Almost Half of Older Americans Get This Crucial Social Security Fact Wrong

Even if you end up saving money for retirement, and a nice amount of it at that, you might end up depending pretty heavily on Social Security once your time in the workforce comes to an end. And so it’s really important that you claim Social Security at the right time.

But falling victim to misinformation could lead you to claim benefits at the wrong time. And that could be disastrous for your senior years.

Know when you’re entitled to receive your monthly benefit in full

The monthly benefit you’re entitled to from Social Security will hinge on your personal wage history — specially, the amount of money you earned during your 35 most profitable years in the labor force. But that’s only part of the equation.

A person at a laptop.

Image source: Getty Images.

Your filing age will also determine how much monthly income you’re able to get from Social Security as a retiree. So it’s important to know when you’re eligible to receive your monthly benefit in full.

Now you can first claim Social Security beginning at age 62. But you won’t be eligible for your full monthly benefit based on your earnings history until you reach full retirement age, or FRA.

Unfortunately, though, many older Americans are misguided about when FRA falls. In a recent MassMutual survey of U.S. adults aged 55 to 65, only 56% could properly identify this statement as false: “Under current Social Security law, full retirement age is 65 no matter when you were born.” To put it another way, 44% of older Americans thought it was true that 65 is FRA for everyone.

But actually, FRA hinges on your year of birth.
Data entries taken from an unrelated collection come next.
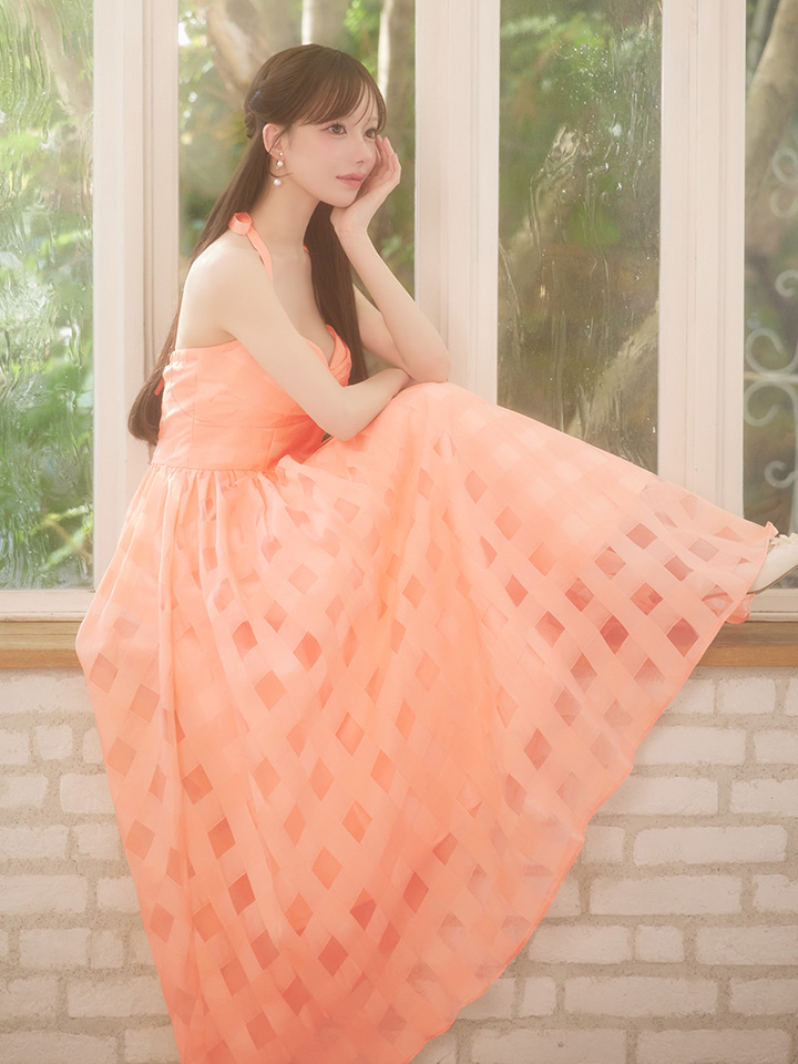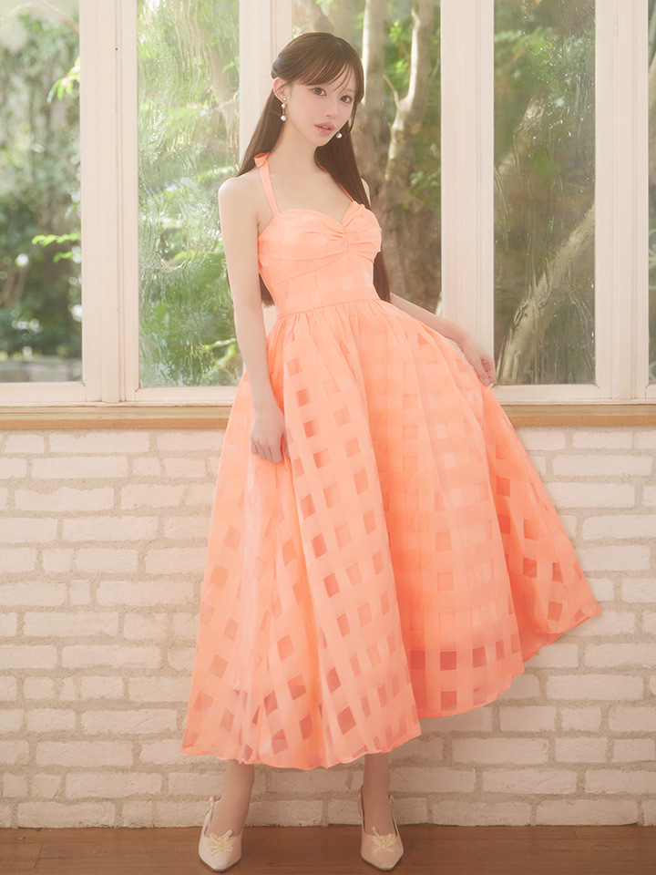 Lサイズあり【DEA./ディア】ギンガムチェック/ オーガンジー/ フレア/ ロング/ ワンピース/ ミモレ丈/ マキシ丈/ ミディアムドレス/ キャバドレス long[OF08] [DE3784-IV-S260109]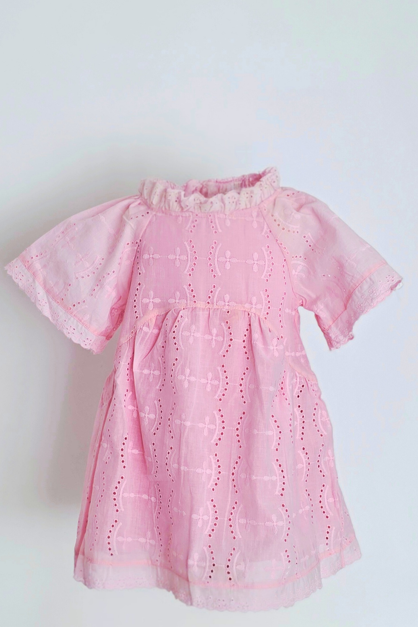 Girls - Pink Organic Cotton Summer Dress | Broderie Anglaise | Sizes 2–6 Years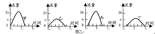2、单选题 某兴趣小组做了如下实验:制作规格大小相同的M、N、O、P四个水槽,现将底部具有透水性能的M、N水槽置于同一水平高度,水槽内分别放置带土草坪和小砾石;在M、N 水槽的正下方,斜放底部不透水的、倾角相同的O、P两水槽,如甲图所示。实验时,兴趣小组同时在M、N上方均匀洒入等量自来水,并立即观察记录O、P水槽出水口水流量的情况。据此,回答下列各题。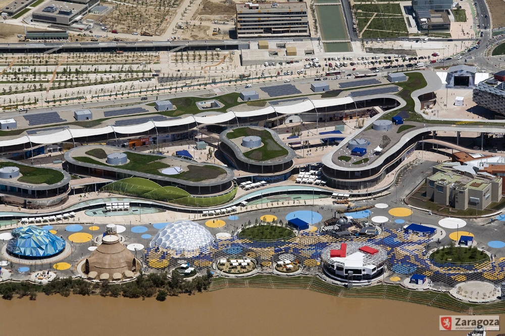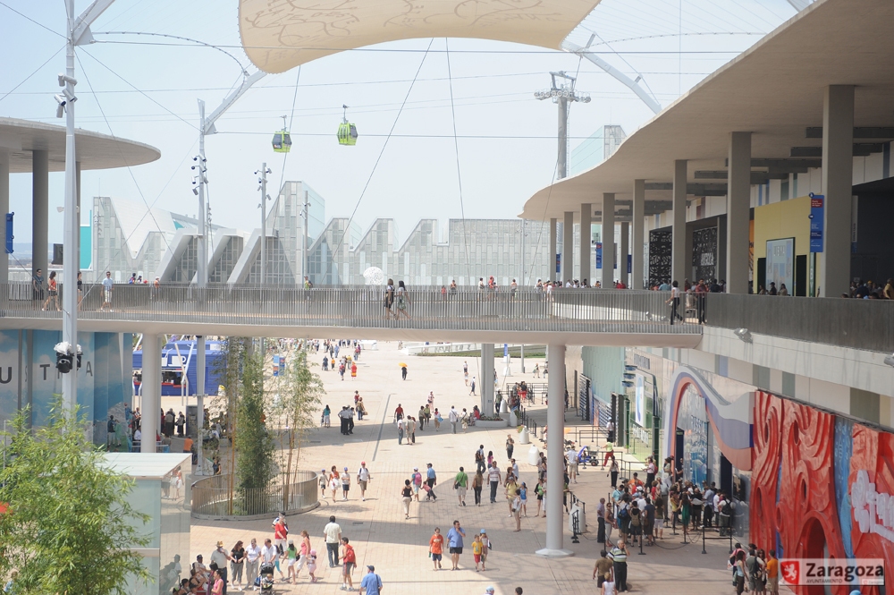 De los elementos que ya no podemos encontrar en el recinto Expo, destacaremos dos: la cubierta textil y las pérgolas, con ellos se intentó rebajar entre 3 y 4 grados las elevadas temperaturas del estío urbano.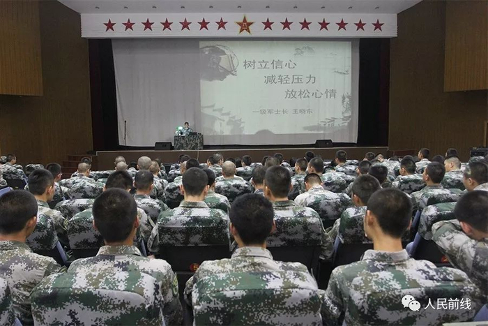 ▲王晓东利用业余时间自学,考取了国家二级心理咨询师资格证书。图为他正在给新战友进行心理辅导。
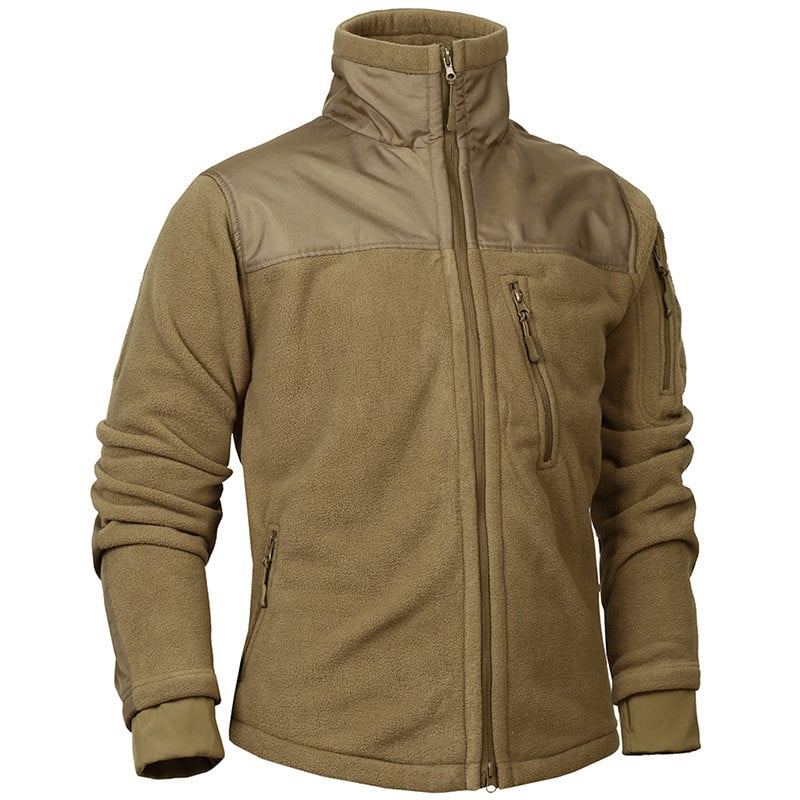 This men's winter camouflage jacket is designed for outdoor conditions and features a fleece lining for the cold season. The hooded design along with protective features such as sun protection, insect repellent, and camouflage pattern make it ideal for camping, hiking, and climbing. Its practical design ensures functionality for various outdoor activities.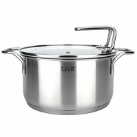 Кастрюля TalleR «Иннес» TR-17257 объемом 3 л подходит для использования на любых варочных поверхностях, в том числе на индукционных, а также для хранения готовой пищи и продуктов в холодильнике. Материалы, из которых сделана посуда, — нержавеющая сталь, алюминий и железо. Есть антидеформационный диск. Толщина стенок — 0,6 мм, дна — 4 мм. В комплекте идет прозрачная крышка с металлической ручкой и клапаном для выпуска пара. Допускается очистка в посудомоечной машине. Диаметр — 20 см, высота — 22,5 см, вес — 1,826 кг.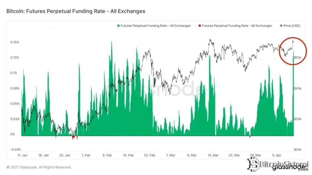 Bu veri Bitcoin fiyatında hemen bir geri çekilme olacağı anlamına gelmiyor. Ancak grafik incelendiğinde yüksek fonlama maliyetinin fiyat hareketlerini etkilediği ve %0.13 seviyesine ulaşan fonlama maliyetinin sürdürülebilir bir yükselişi desteklemediği görülüyor.

And it hasn’t been 65 for anybody for a long time.

Granted, back in the day, when Social Security was first established, FRA was set at 65. But life expectancies have increased a lot since then, so FRA has been moved up. Now, you’ll need to consult this table to see what your FRA looks like:

Year of Birth Full Retirement Age
1943-1954 66
1955 66 and 2 months
1956 66 and 4 months
1957 66 and 6 months
1958 66 and 8 months
1959 66 and 10 months
1960 or later 67

Data source: Social Security Administration.

As mentioned, you can claim Social Security before FRA. But if you don’t want your monthly benefit reduced, then you’ll need to know what your FRA is — and make sure not to file for Social Security before then.
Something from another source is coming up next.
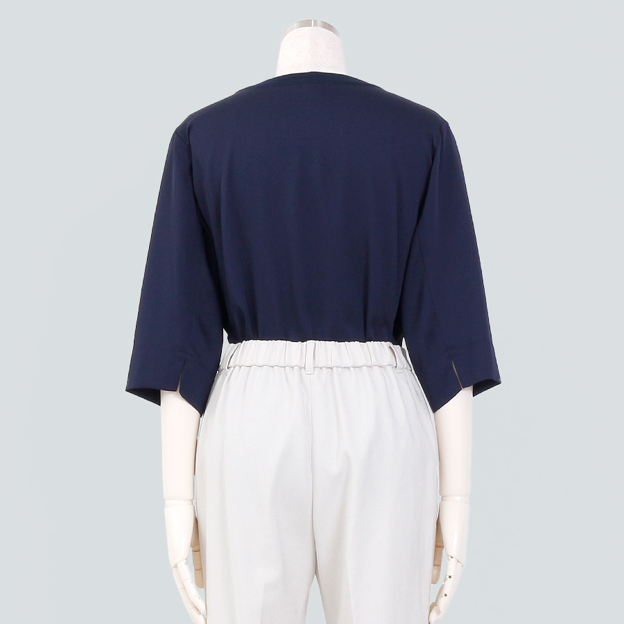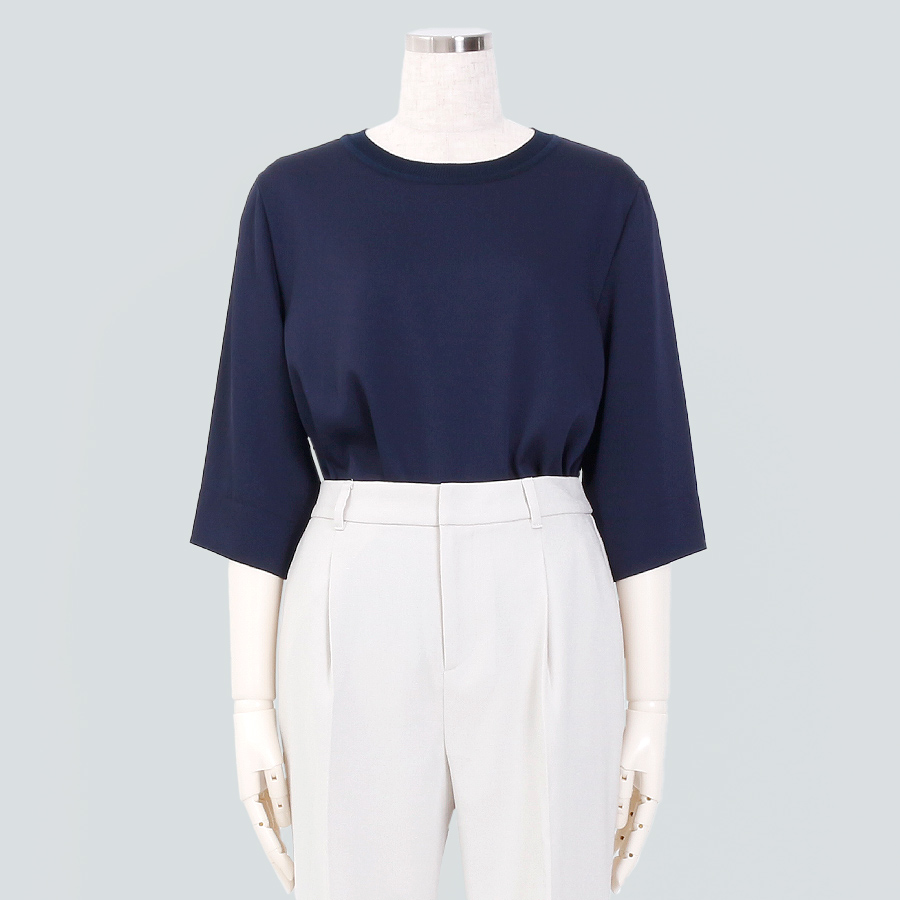 シンプルながら計算されたシルエットが魅力のネイビーブラウス。

You should also know that you can boost your monthly Social Security benefit on a permanent basis by delaying your filing past FRA. This option stays in place until the age of 70.
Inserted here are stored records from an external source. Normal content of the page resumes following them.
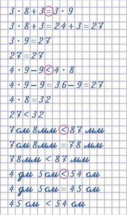 | 3 • 8 + 3 = 3 • 9 | 7 см 8 мм < 87 мм |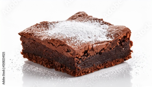 a soft chewy chocolate brownie topped with a dusting of powdered sugar isolated on white background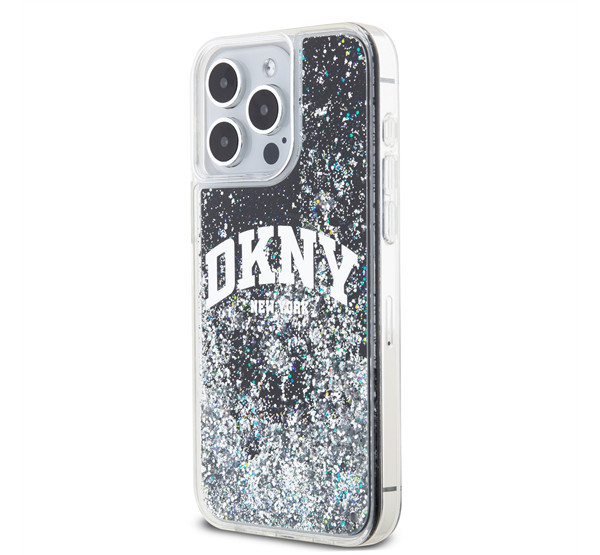 DKNY Liquid Glitter Arch Logo iPhone 15 Pro Max hátlap tok, fekete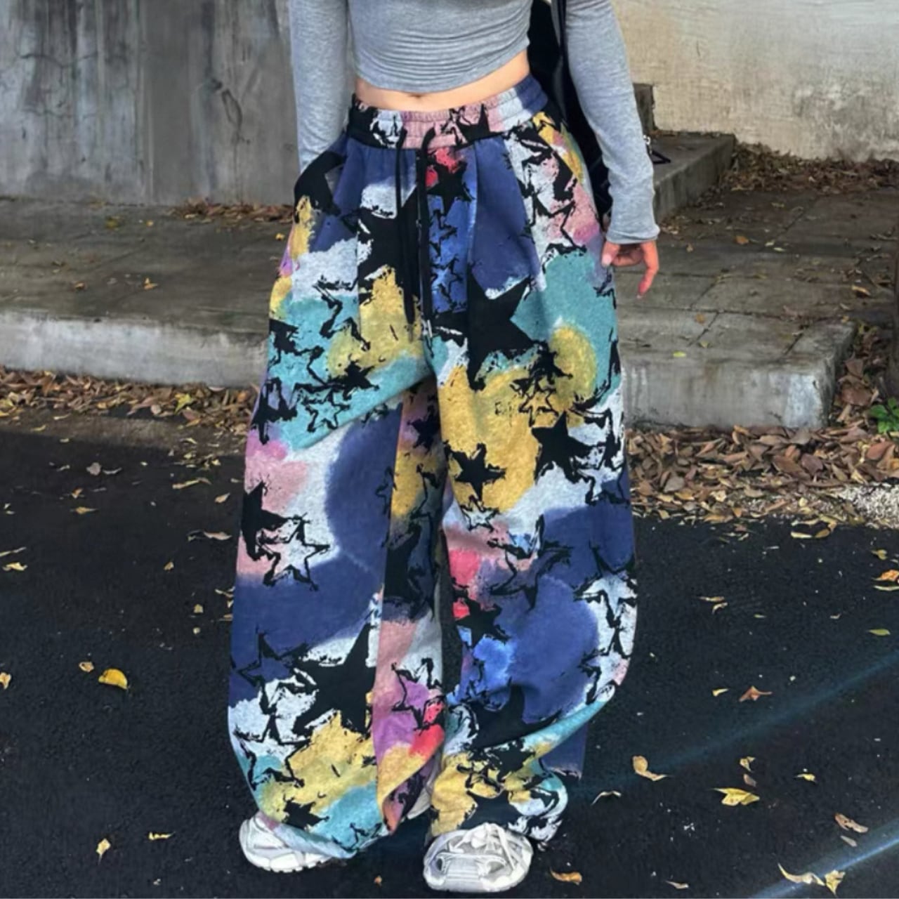 スターデザインワイドレッグ フルレングス パンツ ◆3col BL0445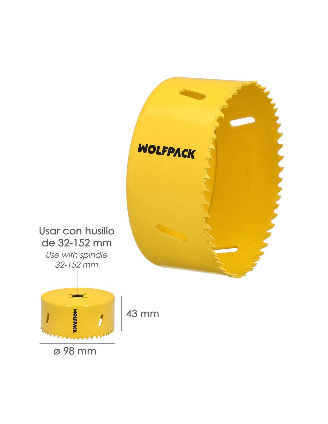Corona Sierra Bimetal Ø 98 mm. Templado Termico, Base Reforzada. Corona Madera, Broca Agujeros Madera, Acero, Hierro, Plasticos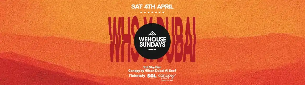 Dubai is set to welcome WeHouse Sundays Dubai Edition on Saturday, 4 April 2026, running from 1:00 PM to 12:00 AM at Sol Sky Bar. The venue sits at Canopy by Hilton Dubai Al Seef, Al Seef Street, Umm Hurair 1, Dubai, UAE, and the direct contact number is +971 58 200 5850. For venue email support, use dining.alseef@hilton.com, especially if you want to confirm table availability before you arrive. This is a 21+ event, so it is not suitable for children. Entry is listed from approximately AED 100 with an entry voucher that includes one drink.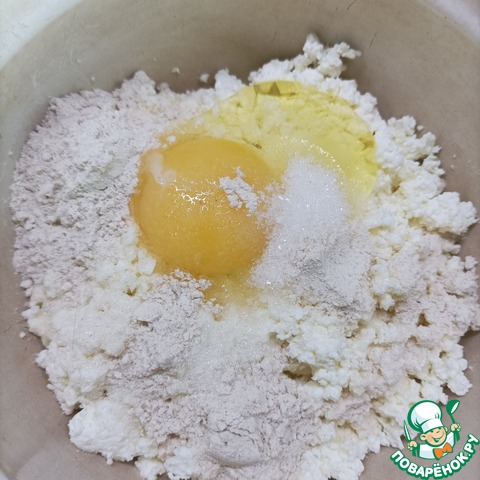 Творог рассыпчатый не ниже 9% жирности выкладываем в посуду. Добавляем 1 яйцо, 1,5 ст. л. муки (цельнозерновая или белая). Добавляем сахар и крахмал. Перемешиваем ложкой до однородности.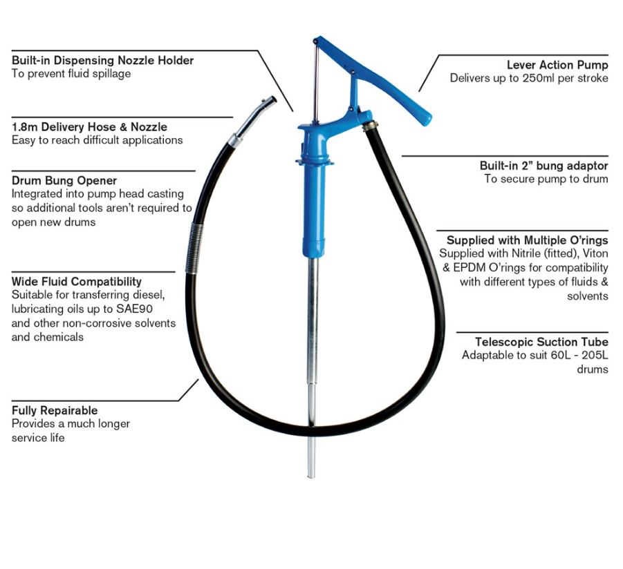 A classic Macnaught hand pump, the MULTI- PURPOSE LEVEL DRUM PUMP is the ideal pump for transferring a wide variety of fluids such as diesel fuel, lubricating oils and an extensive range of non-corrosive fluids and chemicals.

To be clear, FRA — no matter what yours is — isn’t necessarily your “best” filing age. Rather, that’s something you’ll need to determine based on a host of factors, from how much retirement savings you have to whether you’re able to continue working.

But it’s crucial that you know your FRA before sitting down to decide on a filing age. So if you’re among the almost 50% of Americans who think FRA will arrive at 65, do yourself a favor and commit your actual FRA to memory so you don’t wind up regretting your filing decision after the fact.